Approximation ratios obtained using the standard greedy approach (blue) and our improved version (red) on a selection of real-world networks. The parameter adjusting the component size threshold was chosen as \(\tau = 10\). For the sake of readability the bars denoting the ratios for the dblp-cite network were cropped and the actual values written next to them (Color figure online)
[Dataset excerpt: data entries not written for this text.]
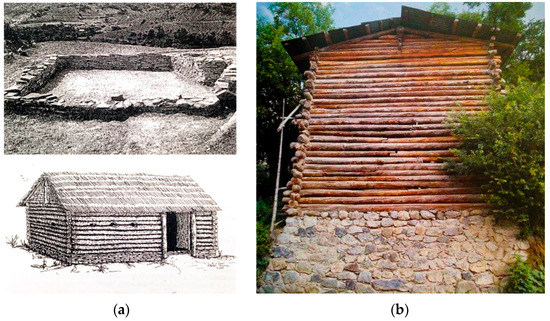 Sustainable building culture in Eastern Black Sea Region as: (a) Shows the foundations and restitution of the structure revealed in Boyabat/Kovuklukaya (Tuna 2008); (b) Shows the vernacular house at Cevizli Village/Artvin at present (Gür and Batur 2005).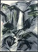 Unlike traditional apprenticeships in China and Japan, Jikihara encouraged Hofmann to create his own compositions and develop his own style. "Even while his drawings are so much imbued with Japanese style, they have a vivacity of line, stroke and expression which is very personal."[9] With time, Hofmann’s work branched out into oils and other media and his brushwork began to push traditional limits. He also introduced "subjects not common to the sumi-e genre, like erotic nudes and urban landscapes."[3] His paintings’ "bold strokes, forceful gestures and energy… catch a moment or a mood undistracted" making "emotions palpable."[10]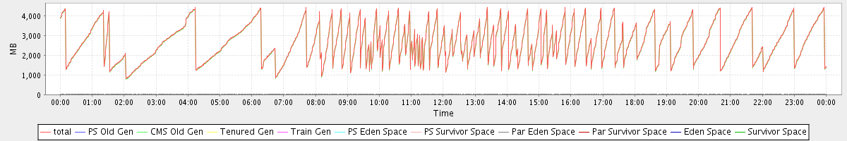 avg(total) = 2669.15 avg(PS Old Gen) = 0.00 avg(CMS Old Gen) = 2648.12 avg(Tenured Gen) = 0.00 avg(Train Gen) = 0.00 avg(PS Eden Space) = 0.00 avg(PS Survivor Space) = 0.00 avg(Par Eden Space) = 21.03 avg(Par Survivor Space) = 0.00 avg(Eden Space) = 0.00 avg(Survivor Space) = 0.00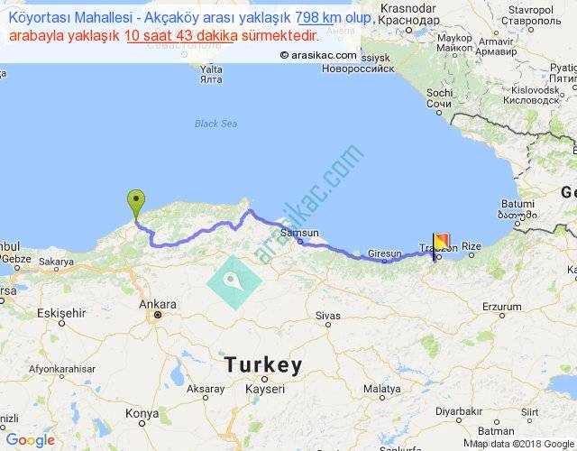 Köyortası Mahallesi - Akçaköy arası yaklaşık olarak 90 km/h ile yukarıda belirtilen sürede olup, iki yerin kuş uçuşu uzaklığı (mesafesi) 610'dir. Eğer belirtilen yerler arasında uçak seferi var ise bu süre uçakla 56 dakika'ya kadar düşebilir. Yolculuk otobüsle 13 saat 55 dakika sürmektedir.

Our experiments confirm that the standard greedy approach already yields close to optimal approximation ratios on all networks, as observed previously [13]. In fact, the “worst” approximation ratio is only 1.049 for the network dblp-cite. The average lies at just 1.009.

Fig. 6
figure 6

Relative error of the improved greedy compared to the standard approach. The parameter adjusting the component size threshold was chosen as \(\tau = 10\). Gray bars indicate that no error could be determined since the standard approach found an optimum already (Color figure online)

Clearly, our adapted greedy approach performs at least as well as the standard greedy algorithm. In fact, for \(\tau = 1\) the sizes of the components that are solved optimally on the considered networks are at most 3. For components of this size the standard greedy approach performs optimally. Therefore, the approximation performances of the standard and the adapted greedy match in this case. However, the adapted greedy algorithm allows for improving the approximation ratio by increasing the size of the components that are solved optimally. In our experiments, we chose \(10 \lceil \log \log (n) \rceil \) as the component size threshold, which corresponds to setting \(\tau = 10\). The resulting impact can be seen in Fig. 6, which shows the error of the adapted greedy compared to the one of the standard greedy algorithm. This relative error is measured as the fraction of the number of vertices by which the adapted greedy and the standard approach exceed an optimum solution. That is, a relative error of 0.5 indicates that the adapted greedy halved the number of vertices by which the solution of the standard greedy exceeded an optimum. Moreover, a relative error of 0 indicates that the adapted greedy found an optimum when the standard greedy did not. The relative error is omitted (gray in Fig. 6) if the standard greedy already found an optimum, i.e., there was no error to improve on. For more than \(69\%\) of the considered networks (29 out of 42) the relative error is at most 0.5 and the average relative error is 0.39. Since the behavior of the two algorithms only differs when it comes to small separated components, this indicates that the predictions of the model that led to the improvement of the standard greedy approach do translate to real-world networks. In fact, the average approximation ratio obtained using the standard greedy algorithm is reduced from 1.009 to 1.004 when using the adapted greedy approach.